*** SOURCE RECORDS Section Begins ***
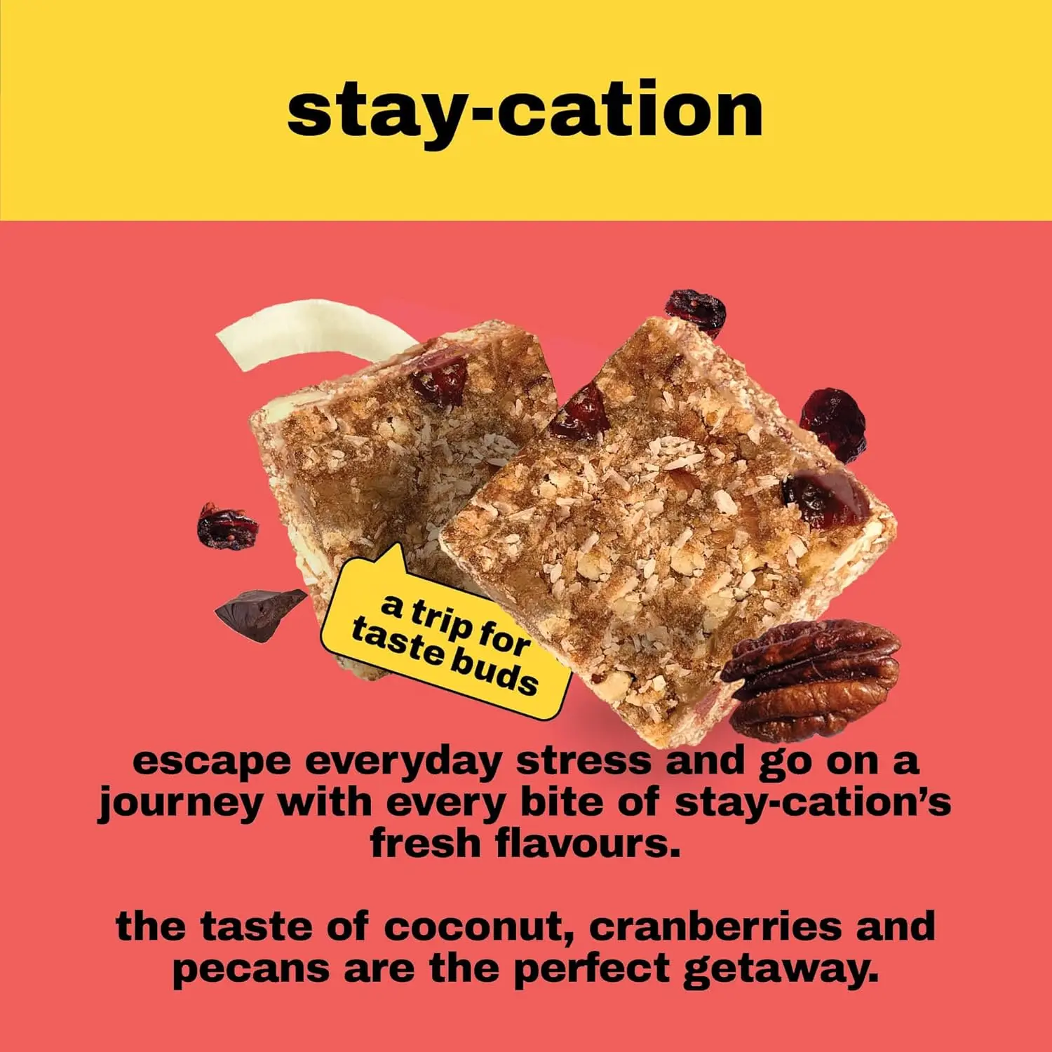 Escape the everyday with Snack Studio Stay-Cation, the plant-based snack bar crafted for a guilt-free getaway. Indulge in the wholesome goodness of clean, natural ingredients, meticulously combined in small batches by our dedicated chefs. Each bar is a journey of flavor, designed with a BASE of coconut bits, homemade chocolate, and dates, a satisfying BITE of pecans, and a vibrant KICK of dried cranberries. Stay-Cation is more than just a snack; it’s an experience. The taste of coconut, cranberries, and pecans create the perfect stay-at-home escape. We believe in simple, honest ingredients, which is why our bars contain no added sugar, no preservatives, no added flavoring, and no added coloring. Support local and treat yourself to a delicious and healthy snack developed and made right here in the UAE. Enjoy the perfect blend of taste and nutrition with every bite of Snack Studio Stay-Cation. These snack bars provide a healthy source of energy, perfect for a mid-day boost or a post-workout refuel. The combination of textures and flavors is designed to satisfy your cravings while providing essential nutrients. Treat yourself to a moment of bliss with Stay-Cation and experience the difference that quality ingredients and thoughtful craftsmanship can make. Discover the perfect guilt-free indulgence that supports local and nourishes your body.
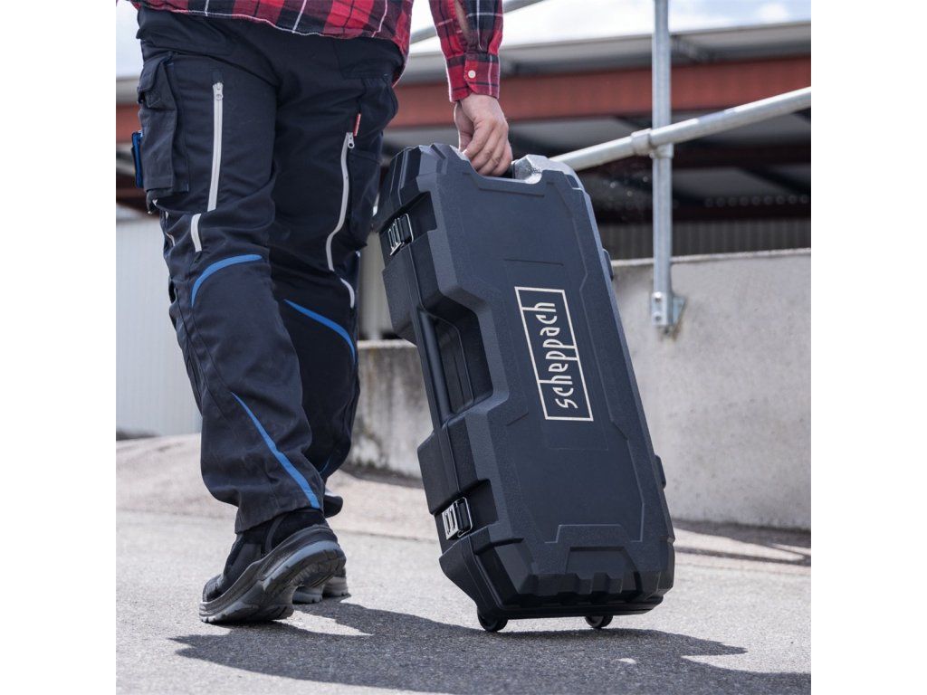 Přístroj je vybaven 4 m dlouhým přívodním kabelem a dodává se v robustním kufru s kolečky. Kladivo je v základní výbavě dodáváno s bohatým příslušenstvím.
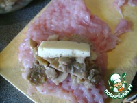 Сыр 100гр.порезать на брусочки. На грудку выложить обжаренные грибы и брусочек сыра. |
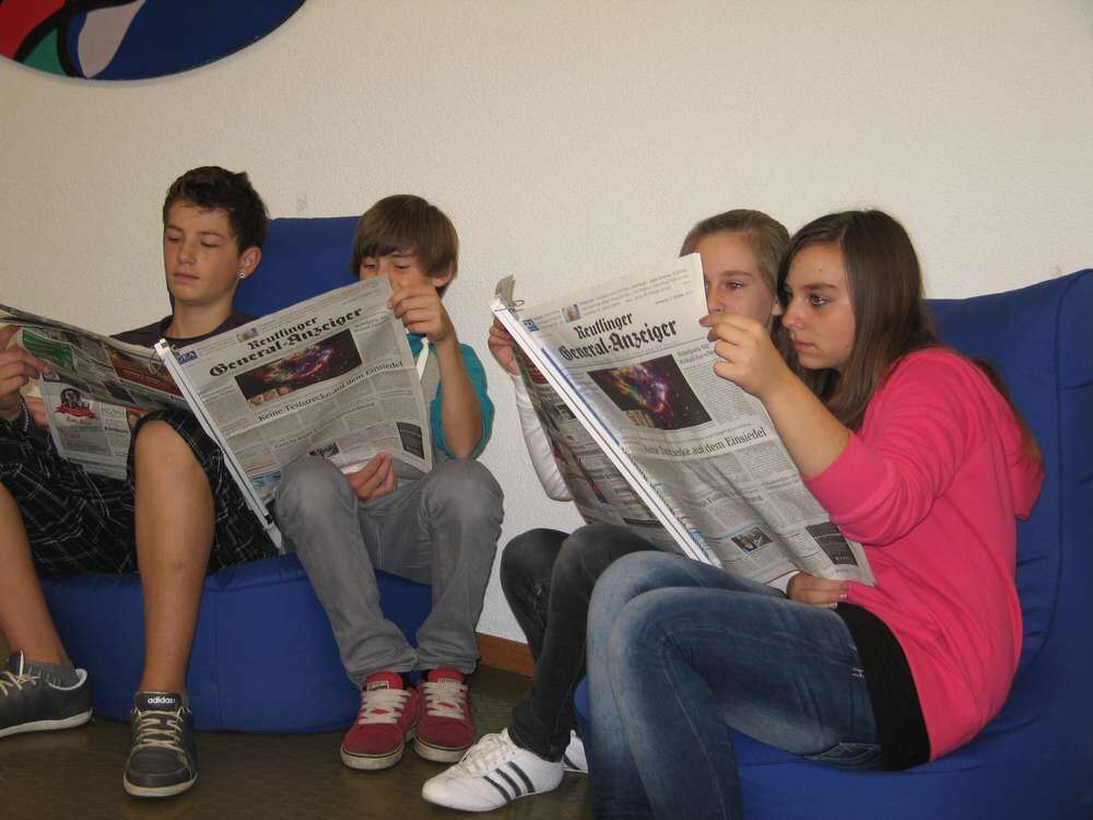 Am liebsten gemeinsam in der Sitz-Ecke: (von links) Kastriot Lokaj, Hannes Futter, Bianca Hilz und Maren Labitzke in der Burghof-Schule in Ofterdingen sind eifrige Nutzer des Angebots.
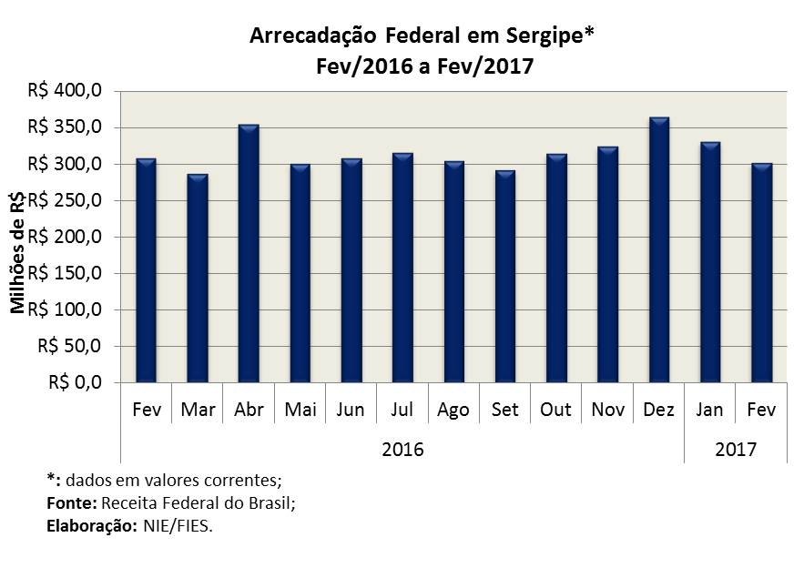 Análise realizada pelo Boletim Sergipe Econômico, parceria do Núcleo de Informações Econômicas (NIE) da Federação das Indústrias do Estado de Sergipe (FIES) e do Departamento de Economia da UFS, com base nos dados da Receita Federal, verificou que a arrecadação de tributos federais, do segundo mês do ano, totalizou R$ 300,9 milhões, assinalando recuo real de 9,2%, quando comparado com a arrecadação do mês imediatamente anterior, janeiro de 2017. Essa taxa registrada considera o efeito da inflação no período, medido pelo Índice Nacional de Preço ao Consumidor Amplo (IPCA).
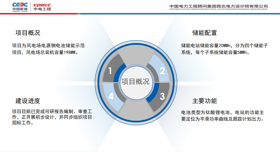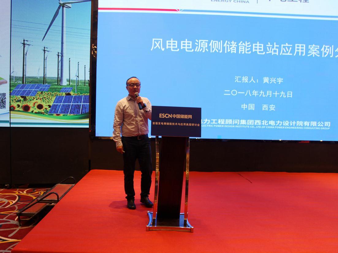中國電力工程顧問集團西北電力設計院有限公司新能源開發(fā)分公司設計總工程師黃興宇出席了本次會議,并發(fā)表了題為《風電電源側儲能電站的應用案例》的報告,以下為報告全文:
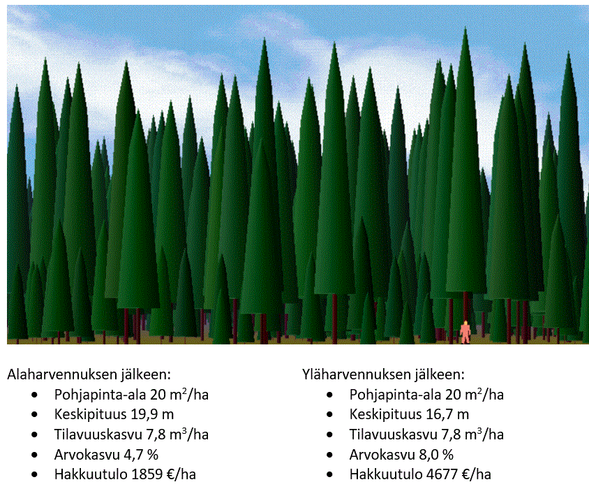 Entäpä, jos metsänomistajalla on varttunut melko erirakenteinen kuusikko (kuva 2), ja hän pohtii, pitäisikö sitä käsitellä tasaikäismetsätalouden alaharvennuksella vai jatkuvan kasvatuksen yläharvennuksella? Metsikön pohjapinta-ala on 30 m2/ha a keskipituus 18.7 m. Sekä ala- että yläharvennuksessa pohjapinta-alasta poistetaan kolmannes. Keskipituus suurenee alaharvennuksessa 19.9 metriin ja pienenee yläharvennuksessa 16.7 metriin. Tässä tapauksessa Hynysen ym. malli ennustaa, että hakkuun jälkeinen tilavuuskasvu on molemmissa tapauksissa sama, mutta pohjapinta-alan kasvu on yläharvennuksen jälkeen 15 % parempi. Mainittakoon, että hakkuutulo on yläharvennuksessa yli kaksi kertaa suurempi ja kuutiometriä kohti laskettu korjuukustannus 34 % pienempi. Jäävän puuston suhteellinen arvokasvu seuraavan 5 vuoden aikana on alaharvennuksen jälkeen 4,7 % ja yläharvennuksen jälkeen 8 %.
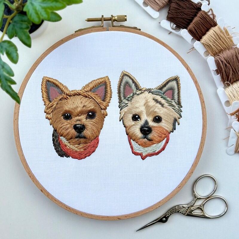 アップロード頂いた写真やメッセージなどの特徴にこだわり、1点ずつ手刺繍で丁寧に仕上げる刺繍ならではのあたたかい作品です。
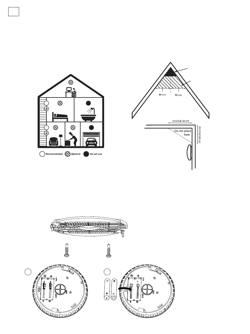 Attach the ceiling plate using the included plugs and screws to the ceiling on a location of choice. Wall mounting is not recommended for smoke
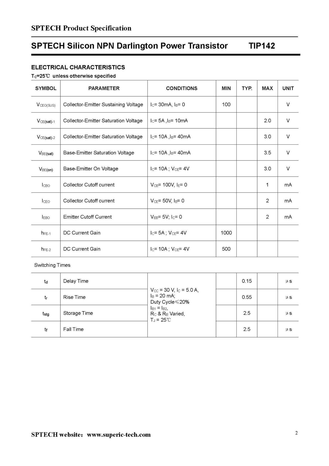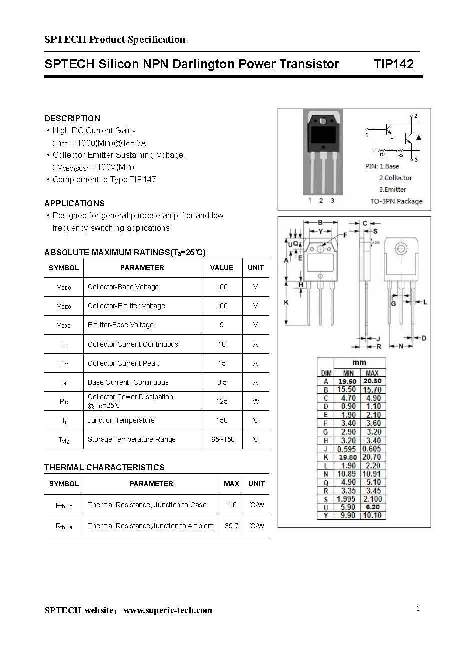 SPTECH三极管 工厂TIP142T达林顿管三极管 直插TO-3PN三极管
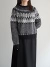 アルパカ、ナイロン、ウール混のクルーネックニット。ノルディック柄がどこかレトロな雰囲気を演出しつつ、決して幼い印象にならないバランス感覚が抜群のデザインです。肩回りはラグランスリーブ仕様。とても柔らかで肌触りもよく、ミドルゲージで着用しやすい風合いです。
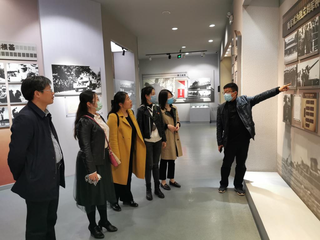 4月10日,我校学工系统部分工作人员赴泰州中国人民解放军海军诞生地纪念馆开展现场情境式学习。bevitor伟德国际1946党委书记黄建国、副书记张杰,财政与税务学院党委副书记李慕原,新闻学院党总支副书记李博伟,应用数学学院党总支副书记布丹丹,艺术设计学院党委副书记吴丹参加学习。
*** SOURCE RECORDS Section Ends ***
EXERCISE AIM
Look above for the line containing "Přístroj je vybaven", then copy exactly from it through the line containing "Сыр 100гр.порезать на", keeping both and leaving out pictures. Add nothing else.

TASK ANSWER
 Přístroj je vybaven 4 m dlouhým přívodním kabelem a dodává se v robustním kufru s kolečky. Kladivo je v základní výbavě dodáváno s bohatým příslušenstvím.
 Сыр 100гр.порезать на брусочки. На грудку выложить обжаренные грибы и брусочек сыра. |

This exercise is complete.